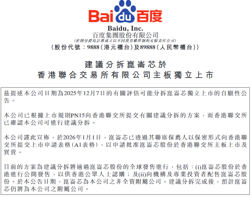 百度昆仑芯的前身是百度智能芯片及架构部,2011年百度就在内部启动了FPGA AI加速器项目。2026年1月1日,百度宣布昆仑芯已向香港联交所提交上市申请。
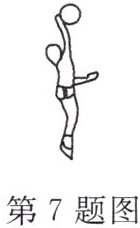 7. 在排球运动中,跳发球(如图所示)是最具威力的发球方式。现用100N的力击打重为5N的排球,排球离手后飞行落到15m远的地面上。排球飞行过程中,运动员对排球做功(
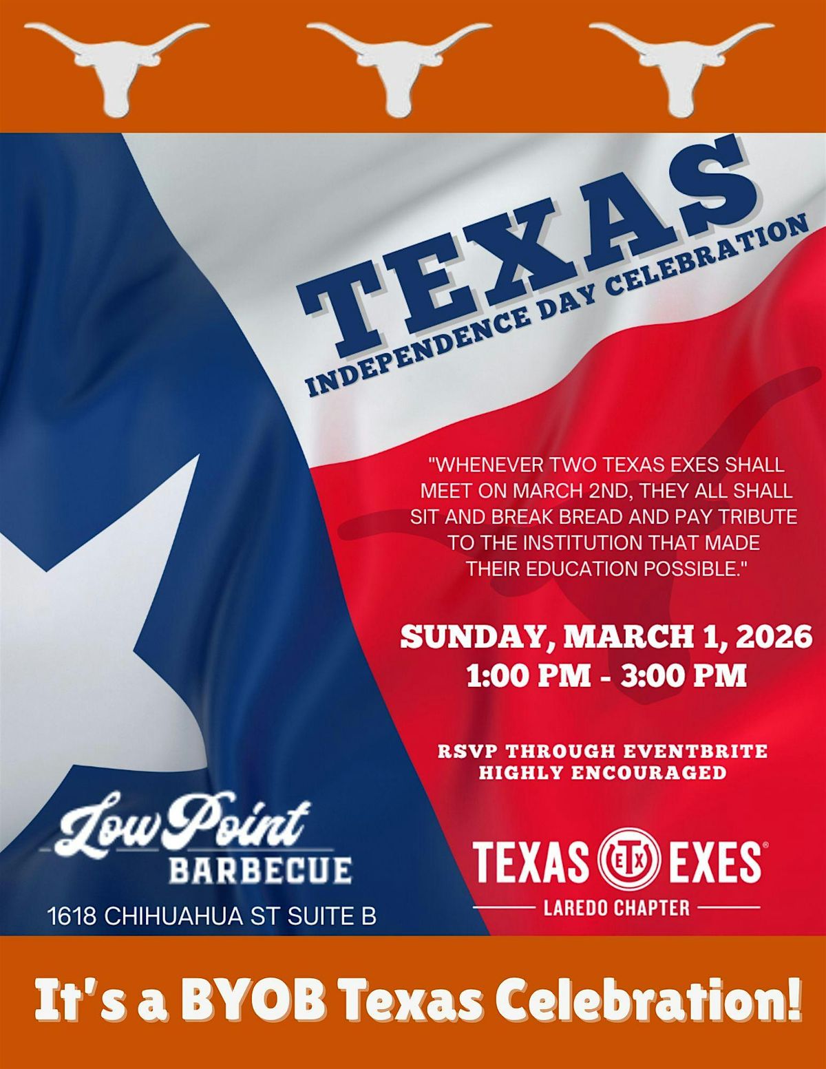Deep in the heart of Texas…Come celebrate Texas Independence Day with your Laredo Texas Exes on Sunday, March 1, 2026! It's a BYOB lunch at LowPoint Barbecue. We hope you’ll join us for a good time with other Laredo Longhorns! See y’all soon! 🤠
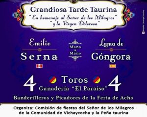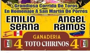 Emilio Serna con Morenito de Aranda y Diego Garcia, en San Marcos (Perú). Miercoles 15 de octubre de 2025.
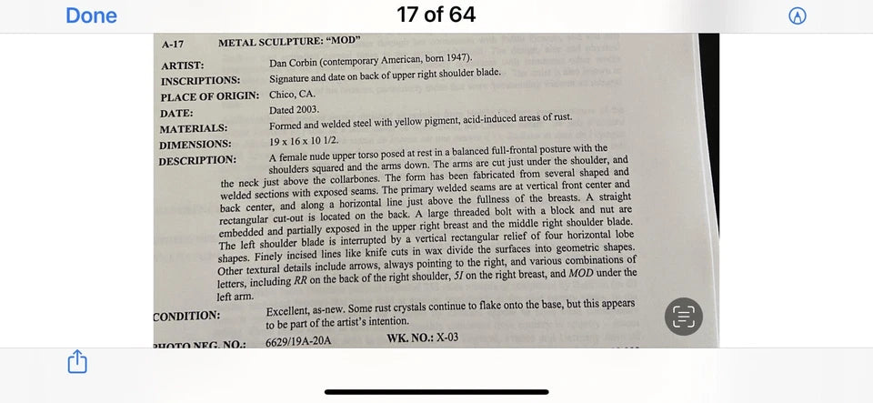 Female Torso Sculpture Dan Corbin Signed and dated Contemporary Artist 2003
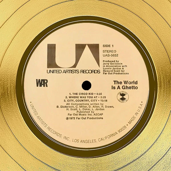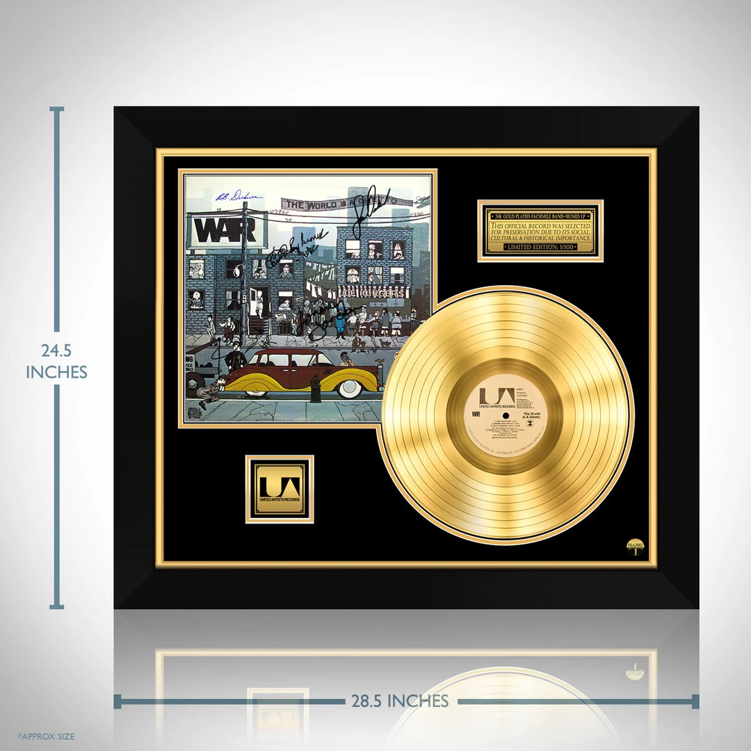 Pay homage to one of the most iconic American funk/rock/soul band of all time War , with this gallery-framed, authentic United Artists Records fully licensed facsimile of the official Hand-Signed 24K Gold LP Record and LP Cover The World Is a Ghetto Originally signed by Howard Scott, Lonnie Jordan, Harold Brown, Lee Oskar & B.B. Dickerson , of which is strictly limited to 100 units Worldwide and has been approved and numbered accordingly.
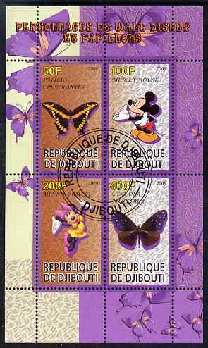 Djibouti 2009 Butterflies and Disney Characters #2 perf sheetlet containing 4 values fine cto used
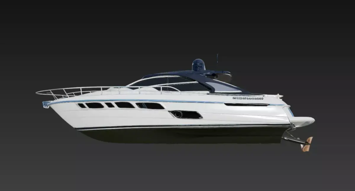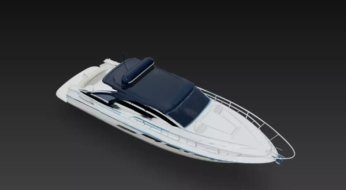 Detailed exterior elements such as stainless railings, radar unit, tinted cabin roof, cockpit layout, side windows, and refined hull curvature provide a strong sense of realism while maintaining an organized and production-ready geometry. Its streamlined silhouette makes the model suitable for both close-up product visualization and wide cinematic marine scenes.
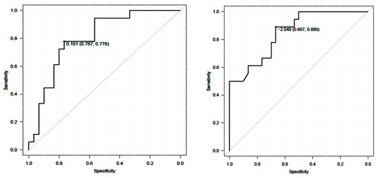 The ROC analysis prevailed cutoff value of 10 m walk velocity was 0.10 m/s. The AUC was 0.8% and the 95% CI was 0.67~0.93 (sensitivity 0.78, specificity 0.77) (Figure 8). A cutoff value of TUG was −2.04 s. The AUC was 0.85%, and the 95% CI was 0.74~0.96 (sensitivity 0.67, specificity 0.85) (Figure 9).
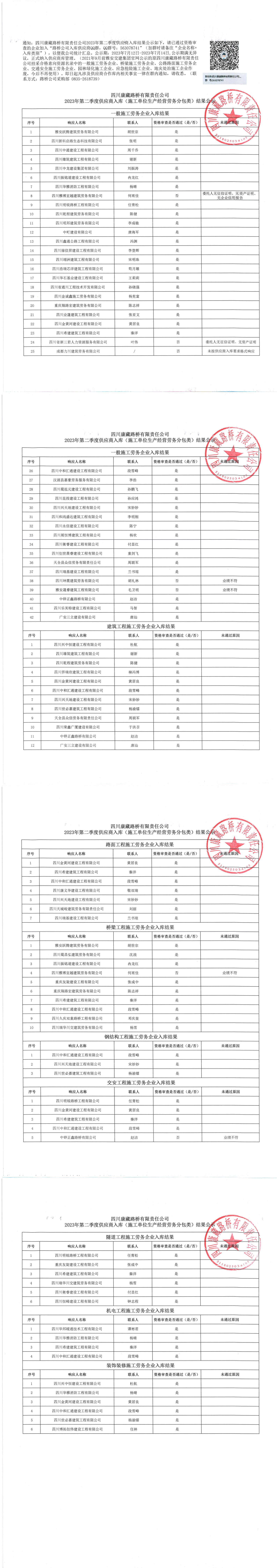 四川康藏路橋有限責(zé)任公司2023年第二季度供應(yīng)商入庫(施工單位生產(chǎn)經(jīng)營勞務(wù)分包類)結(jié)果公示
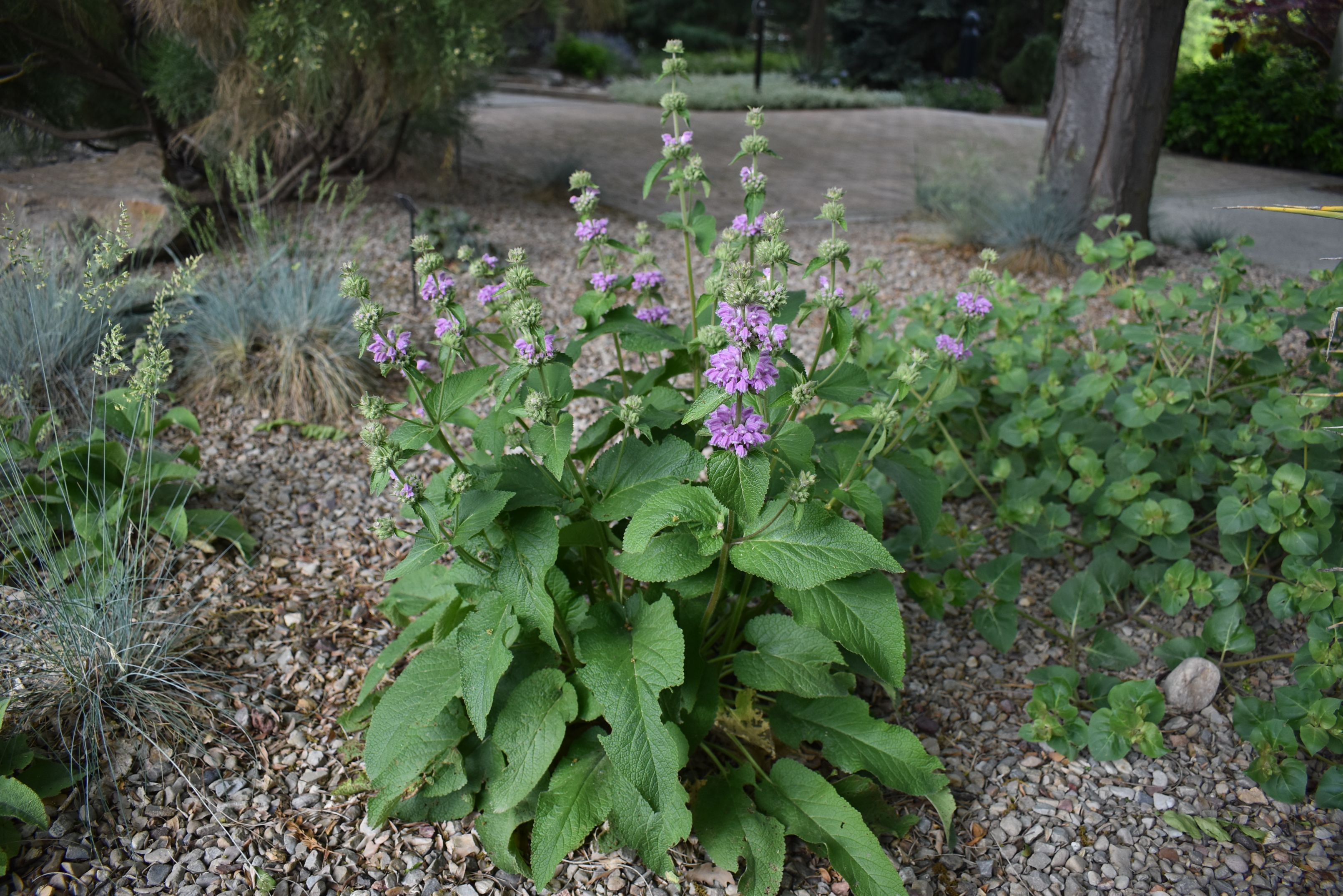 This large perennial is native to the Himalayas and Kashmir. Large, textured, green foliage and whorls of lavender-pink flowers make this an excellent choice for dry shade gardens.
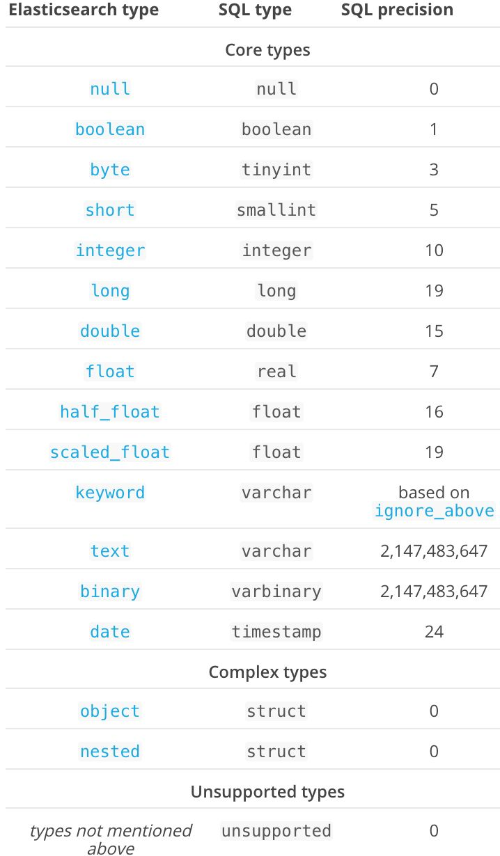 首先我们看下Elasticsearch SQL和标准SQL中数据类型的对应关系:

Task description =>
All of the material above should be set down again exactly, though not its pictures.

Expected answer =>
 百度昆仑芯的前身是百度智能芯片及架构部,2011年百度就在内部启动了FPGA AI加速器项目。2026年1月1日,百度宣布昆仑芯已向香港联交所提交上市申请。
 7. 在排球运动中,跳发球(如图所示)是最具威力的发球方式。现用100N的力击打重为5N的排球,排球离手后飞行落到15m远的地面上。排球飞行过程中,运动员对排球做功(
Deep in the heart of Texas…Come celebrate Texas Independence Day with your Laredo Texas Exes on Sunday, March 1, 2026! It's a BYOB lunch at LowPoint Barbecue. We hope you’ll join us for a good time with other Laredo Longhorns! See y’all soon! 🤠
 Emilio Serna con Morenito de Aranda y Diego Garcia, en San Marcos (Perú). Miercoles 15 de octubre de 2025.
 Female Torso Sculpture Dan Corbin Signed and dated Contemporary Artist 2003
 Pay homage to one of the most iconic American funk/rock/soul band of all time War , with this gallery-framed, authentic United Artists Records fully licensed facsimile of the official Hand-Signed 24K Gold LP Record and LP Cover The World Is a Ghetto Originally signed by Howard Scott, Lonnie Jordan, Harold Brown, Lee Oskar & B.B. Dickerson , of which is strictly limited to 100 units Worldwide and has been approved and numbered accordingly.
 Djibouti 2009 Butterflies and Disney Characters #2 perf sheetlet containing 4 values fine cto used
 Detailed exterior elements such as stainless railings, radar unit, tinted cabin roof, cockpit layout, side windows, and refined hull curvature provide a strong sense of realism while maintaining an organized and production-ready geometry. Its streamlined silhouette makes the model suitable for both close-up product visualization and wide cinematic marine scenes.
 The ROC analysis prevailed cutoff value of 10 m walk velocity was 0.10 m/s. The AUC was 0.8% and the 95% CI was 0.67~0.93 (sensitivity 0.78, specificity 0.77) (Figure 8). A cutoff value of TUG was −2.04 s. The AUC was 0.85%, and the 95% CI was 0.74~0.96 (sensitivity 0.67, specificity 0.85) (Figure 9).
 四川康藏路橋有限責(zé)任公司2023年第二季度供應(yīng)商入庫(施工單位生產(chǎn)經(jīng)營勞務(wù)分包類)結(jié)果公示
 This large perennial is native to the Himalayas and Kashmir. Large, textured, green foliage and whorls of lavender-pink flowers make this an excellent choice for dry shade gardens.
 首先我们看下Elasticsearch SQL和标准SQL中数据类型的对应关系:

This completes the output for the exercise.